Supplied information -
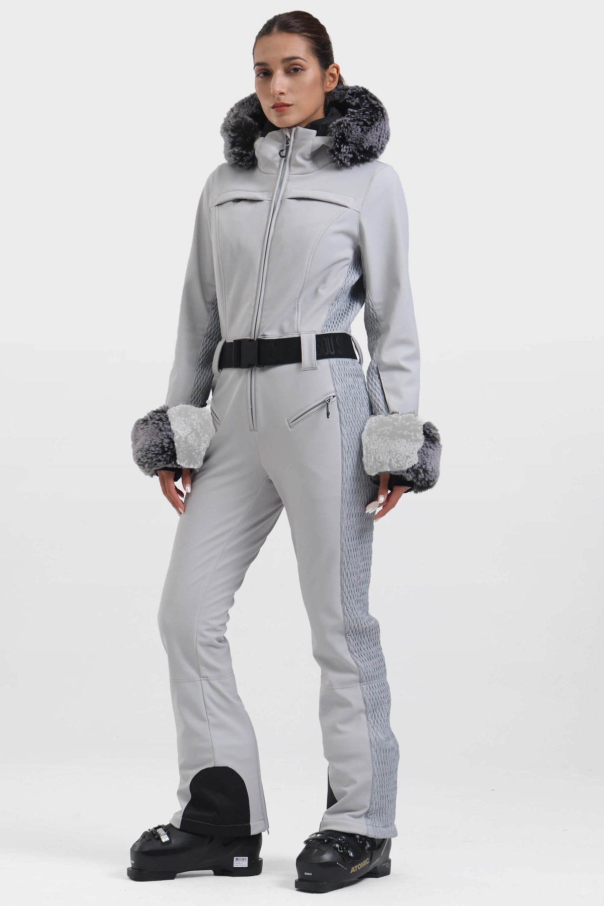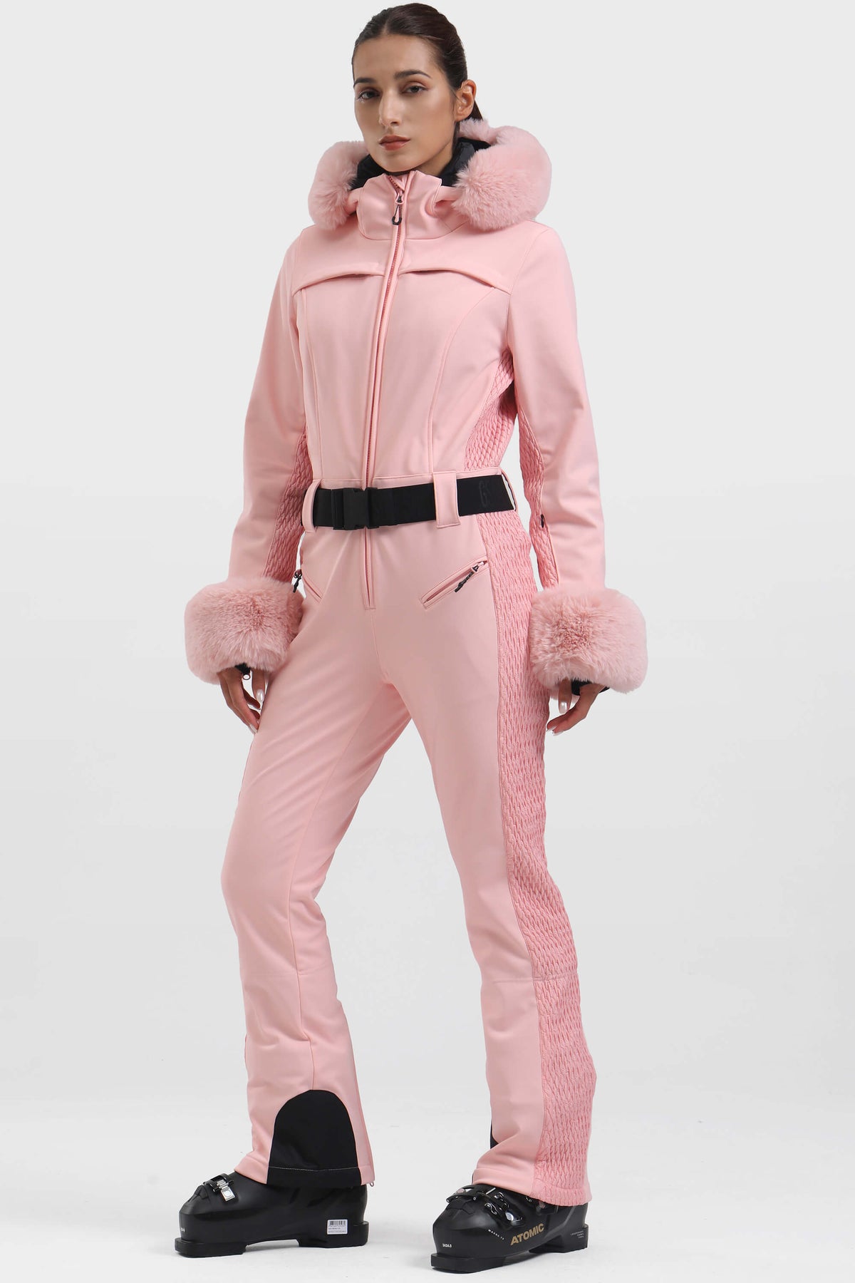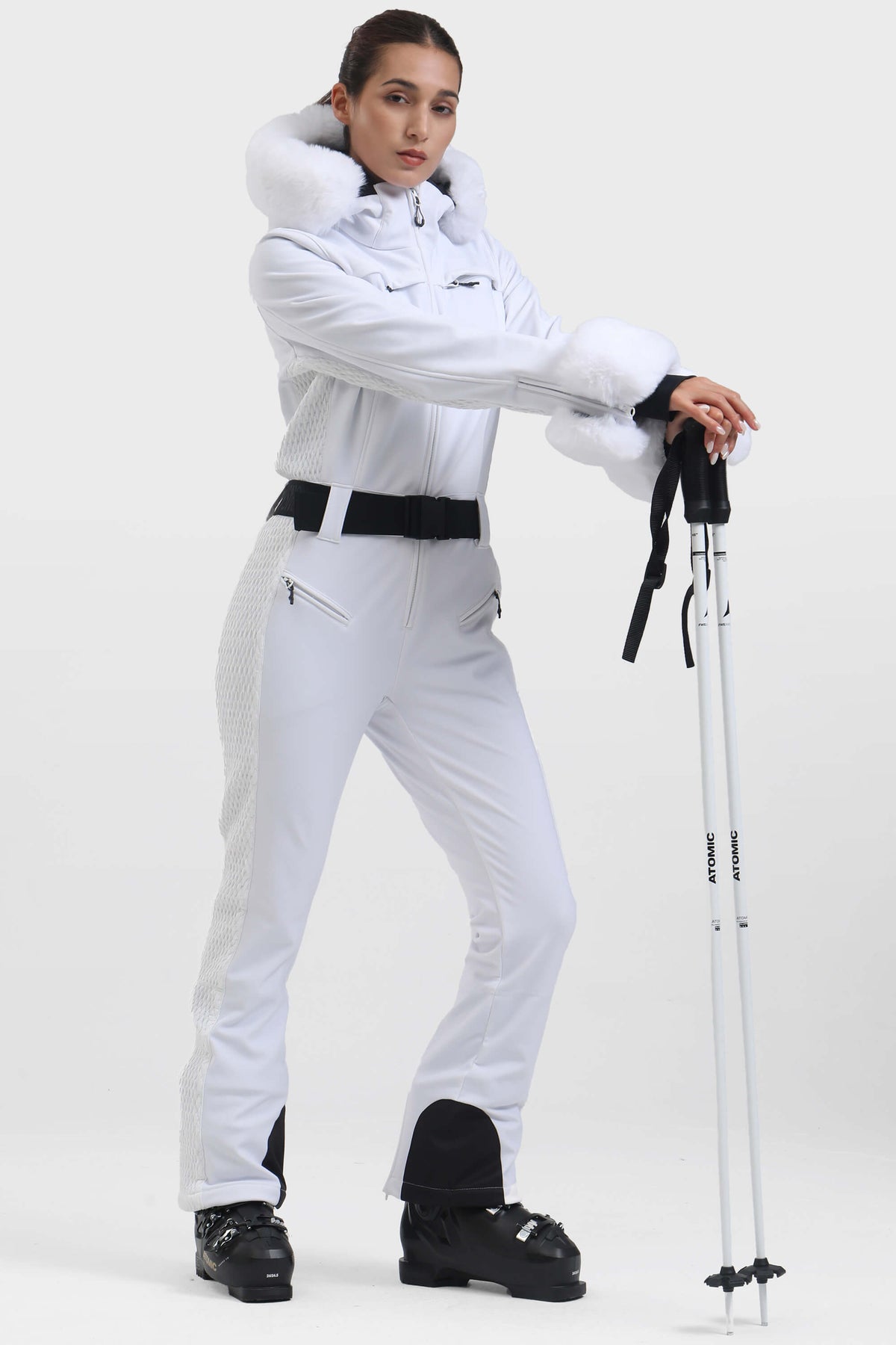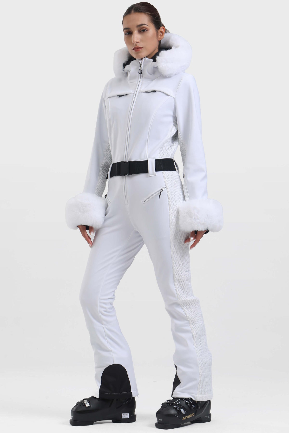 The one-piece ski jacket features an extensive faux fur design, adding an elegant touch to your alpine skiing look. The removable faux fur offers versatile styling, while the waterproof fabric ensures you stay dry. Plus, the padded lining provides warmth for cold days on the slopes.
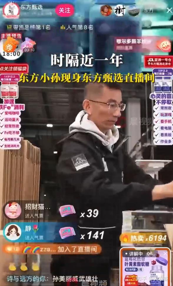 2024年11月25日,时隔近一年,孙东旭重回直播间。直播间里,他与东方甄选主播天权一起打包仓库货物,孙东旭还笑称,许久未播,业务有些生疏了。
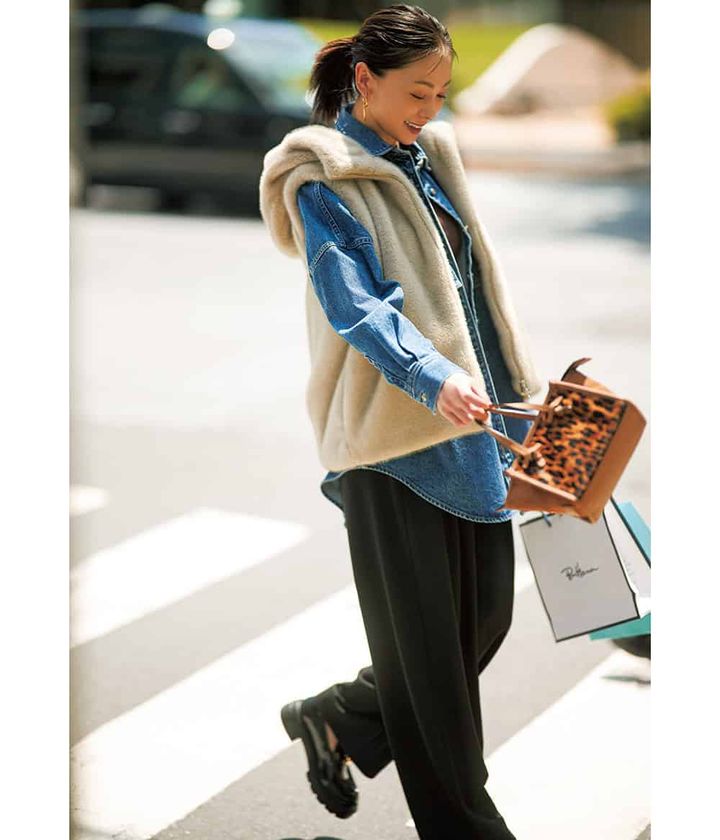 ファーベスト¥25,300(アルページュストーリー)デニムシャツ¥47,300(サクラ/インターリブ)タンクトップ¥19,800(ハイク/ボウルズ)パンツ¥16,500(ico/Siro Co., Ltd.)バッグ※送迎¥17,600(ノマディス/ノーベルバ)バッグ※自分時間¥75,900(ジャンニ キアリーニ/ジャンニ キアリーニ 銀座店)ローファー¥26,950(スタッカート/バロックジャパンリミテッド)イヤリング¥41,800(ブランイリス/ブランイリス トーキョー)

How to complete this task - Every line of the listing must be reproduced exactly, though the pictures are to be left out.

Answer to this exercise -
 The one-piece ski jacket features an extensive faux fur design, adding an elegant touch to your alpine skiing look. The removable faux fur offers versatile styling, while the waterproof fabric ensures you stay dry. Plus, the padded lining provides warmth for cold days on the slopes.
 2024年11月25日,时隔近一年,孙东旭重回直播间。直播间里,他与东方甄选主播天权一起打包仓库货物,孙东旭还笑称,许久未播,业务有些生疏了。
 ファーベスト¥25,300(アルページュストーリー)デニムシャツ¥47,300(サクラ/インターリブ)タンクトップ¥19,800(ハイク/ボウルズ)パンツ¥16,500(ico/Siro Co., Ltd.)バッグ※送迎¥17,600(ノマディス/ノーベルバ)バッグ※自分時間¥75,900(ジャンニ キアリーニ/ジャンニ キアリーニ 銀座店)ローファー¥26,950(スタッカート/バロックジャパンリミテッド)イヤリング¥41,800(ブランイリス/ブランイリス トーキョー)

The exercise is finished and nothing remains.